Earlier this week Senior Director of Advocacy and Counsel
Leah Dempsey met with CFPB staff in conjunction with several other financial
services trade associations. During the meeting the group discussed the CFPB’s
proposals under consideration for arbitration clauses.
Director Cordray discussed this issue at the last Consumer
Advisory Board meeting. Additionally, the CFPB held a field hearing on the
proposals in October, and a CUNA member participated as a panelist.
Some of the relevant parts of the proposal the CFPB has put
forward include:
- Clauses would be required to state that they do
not apply to cases filed as class actions unless and until class certification
is denied or the class claims are dismissed.
- Proposals that would facilitate ongoing Bureau
as well as public monitoring of consumer financial arbitrations and publishing
these claims and awards on the CFPB website.
Since credit unions are member-owned cooperatives, they are
more likely to resolve disputes with members without arbitration or litigation.

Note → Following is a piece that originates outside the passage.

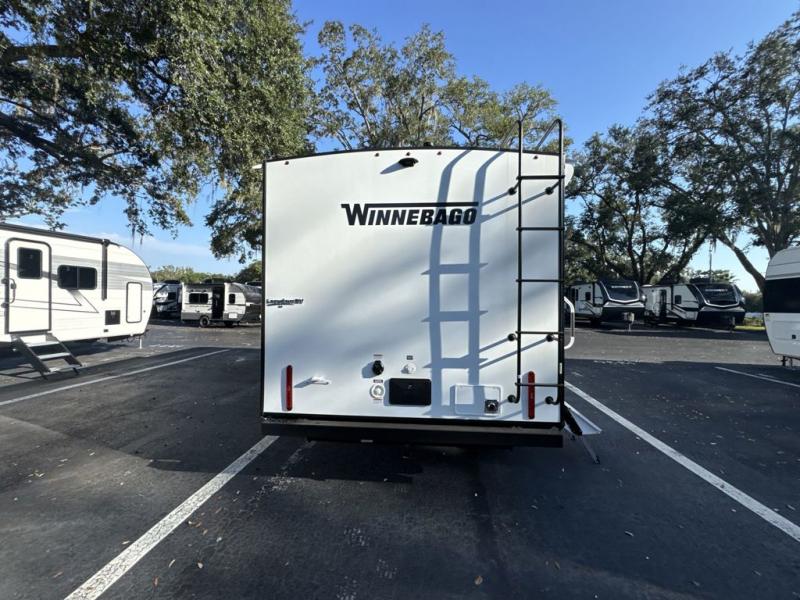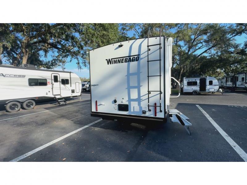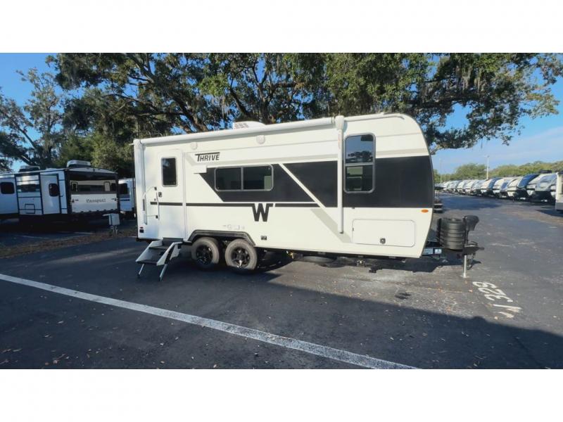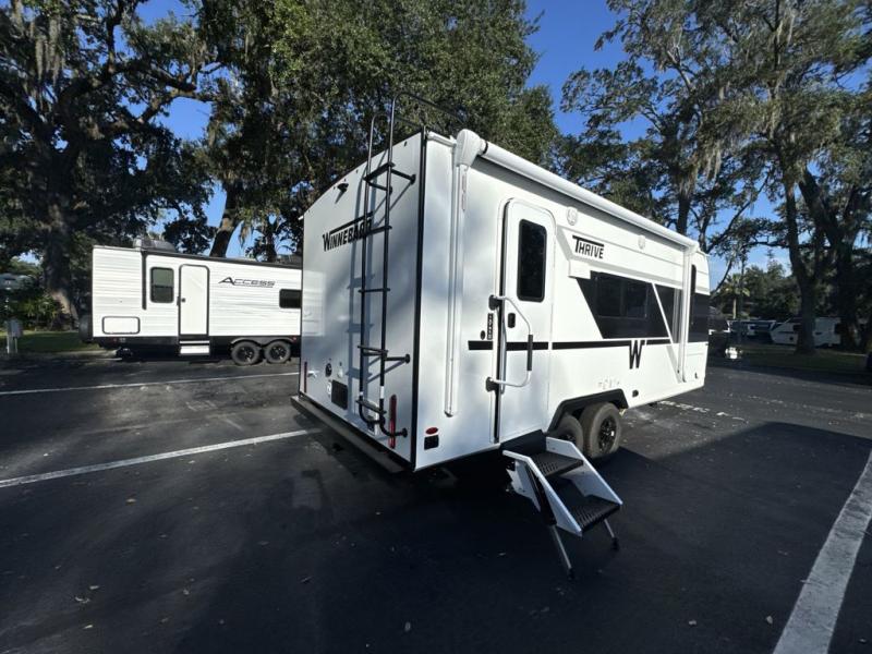 With any Thrive travel trailer by Winnebago, you can camp with functionality, comfort, and convenience! The large front viewing window will be the first thing that catches your eye, and the fiberglass sidewalls with Azdel Onboard provide a durable trailer made to last. There is also an exterior ladder, along with front radius profile lights, power stabilizer jacks, and a powered awning with LED lighting to name a few exterior features. You will stay powered up by the 30-amp power cord and 200-watt solar panel, plus there is a tankless water heater for endless hot showers. Inside, you'll love the custom Winnebago furniture, carpetless side outs, molded fiberglass countertops, and residential recessed ceiling lights to keep your space well lit!
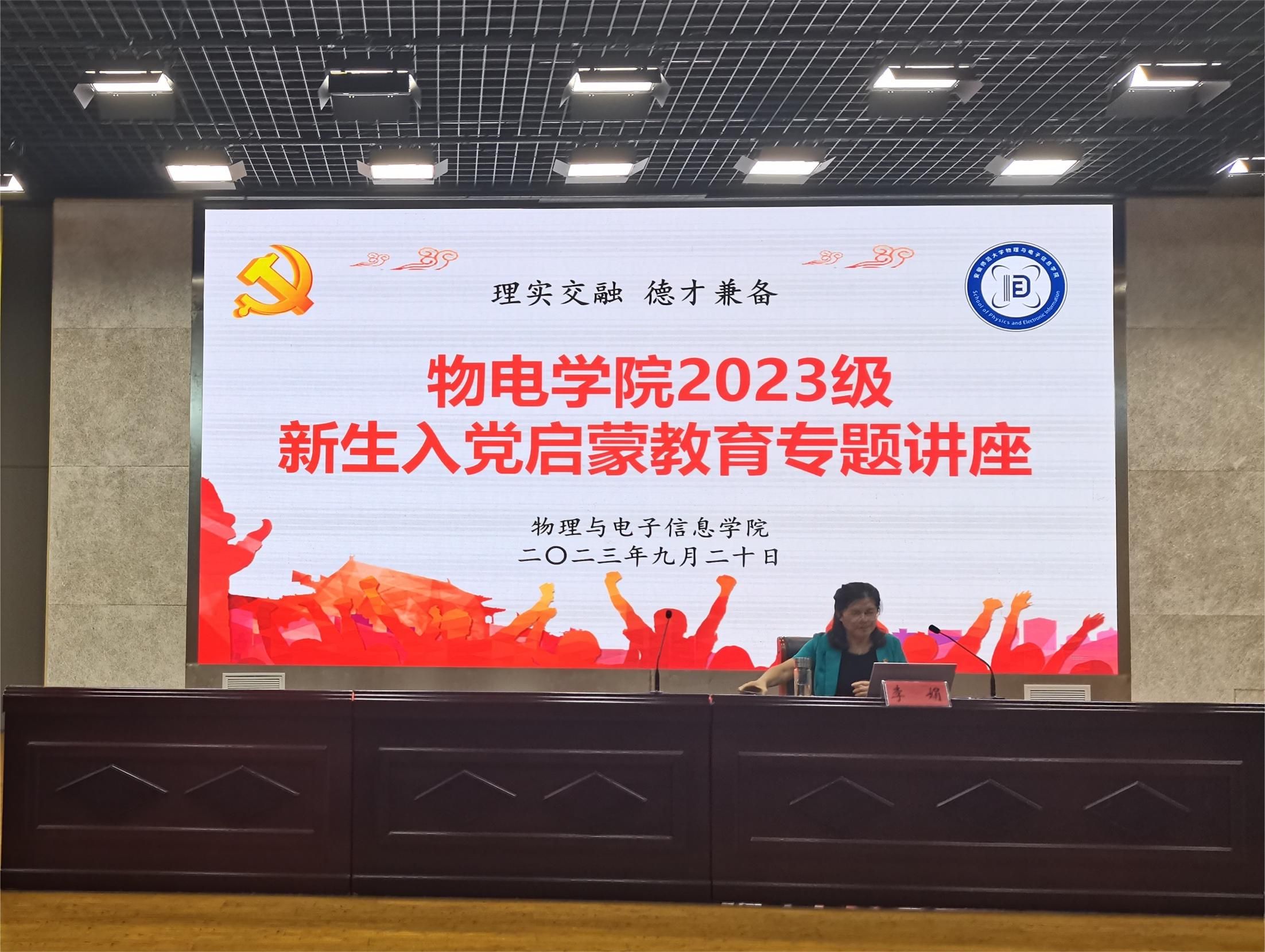 李娟以“中国共产党是什么、要干什么”为题为大家作入党启蒙教育专题报告,详尽介绍了中国共产党的光辉历史和伟大成就,讲解了入党条件、流程和注意事项,最后他围绕“当代青年怎么做”这个问题,对新生在入党、学习和生活等方面提出了明确要求。她强调,在入学之初就为大家夯实思想根基,增强对党的全面认识,明确努力方向,争取早日加入党组织,努力做到立大志、明大德、成大才、担大任。

However, for the small number of credit unions that do use arbitration clauses,
there can be member benefits to this dispute resolution process. So we are
concerned that limiting the use of arbitration agreements could be detrimental
to credit unions and consumers. Additionally, we are concerned that limiting
arbitration could cause an increase in class-actions, which have proven to be
burdensome to credit unions, and provide little benefit or relief to credit
union members.
We will continue to engage with the CFPB about their
concerns with the arbitration proposals under consideration.